■ **Raw data**
::::::::::
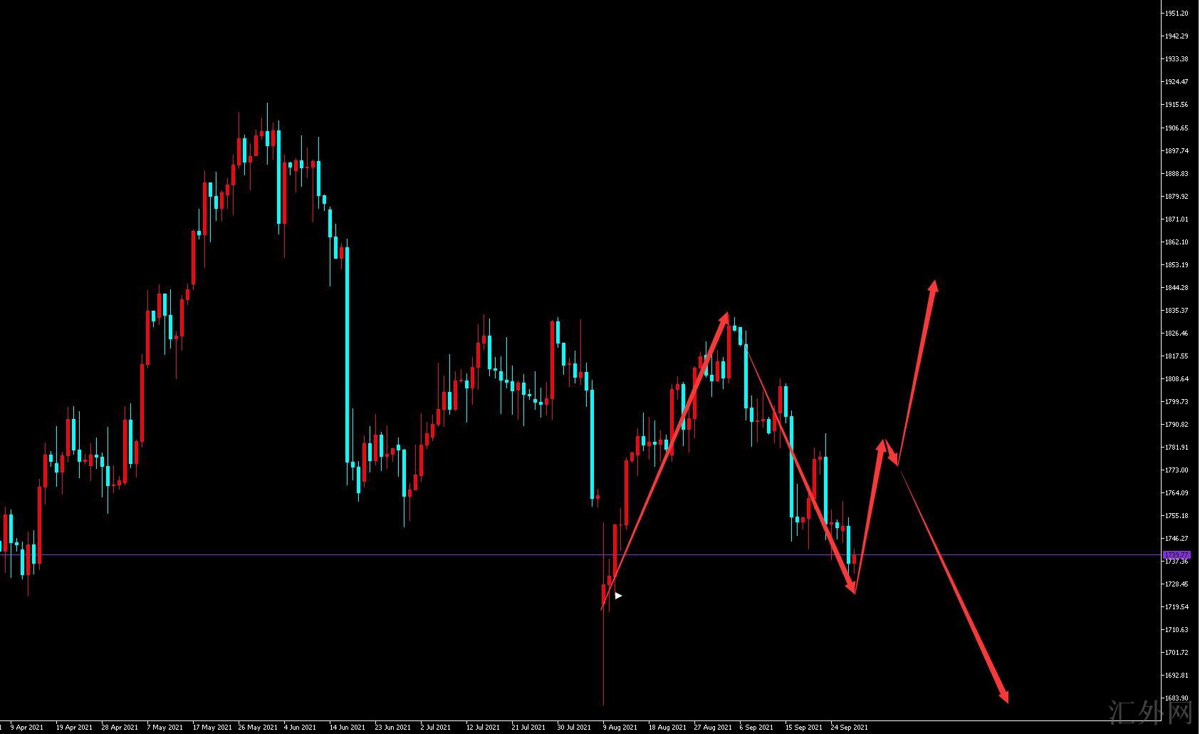 现价1736—1731分批买涨,止盈1750—1760,止损分界线
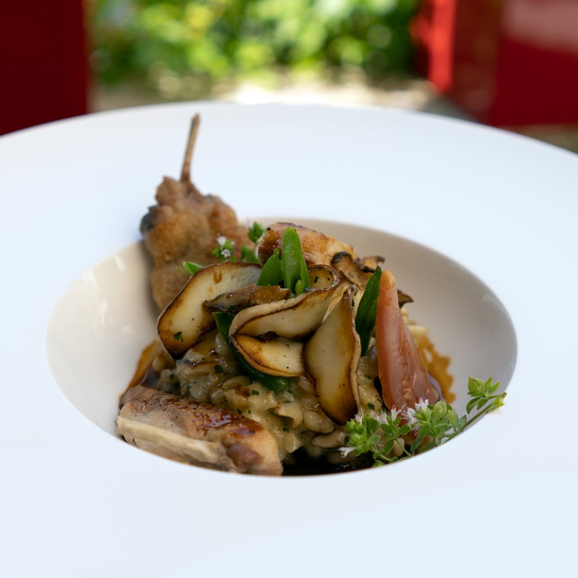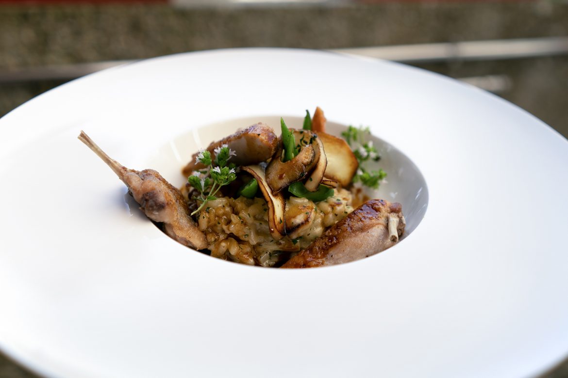 Zusätzlich einen Steinpilz feinblättrig schneiden und über das Risotto als Topping geben. Zum Schluss die fein gehackte Petersilie dazu.
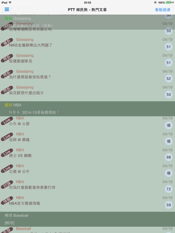 - 觀看熱門看板及文章列表
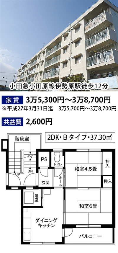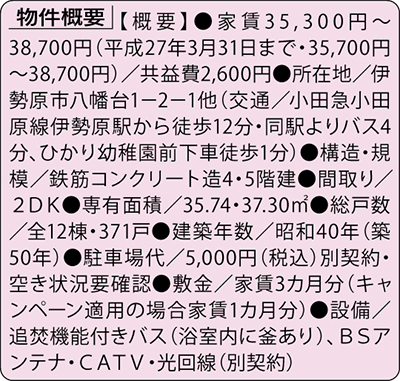 現在春の新生活応援キャンペーン中。今回ご案内するキャンペーン対象物件は「伊勢原共同住宅」。小田急小田原線伊勢原駅より徒歩12分と利便性が高く、2DKで賃料3万5300円〜。ファミリーはもちろん、法人・学生・単身入居も可。
::::::::::
■ **Work instruction**
Skip every picture and transcribe the data above exactly.

■ **Written answer**
 现价1736—1731分批买涨,止盈1750—1760,止损分界线
 Zusätzlich einen Steinpilz feinblättrig schneiden und über das Risotto als Topping geben. Zum Schluss die fein gehackte Petersilie dazu.
 - 觀看熱門看板及文章列表
 現在春の新生活応援キャンペーン中。今回ご案内するキャンペーン対象物件は「伊勢原共同住宅」。小田急小田原線伊勢原駅より徒歩12分と利便性が高く、2DKで賃料3万5300円〜。ファミリーはもちろん、法人・学生・単身入居も可。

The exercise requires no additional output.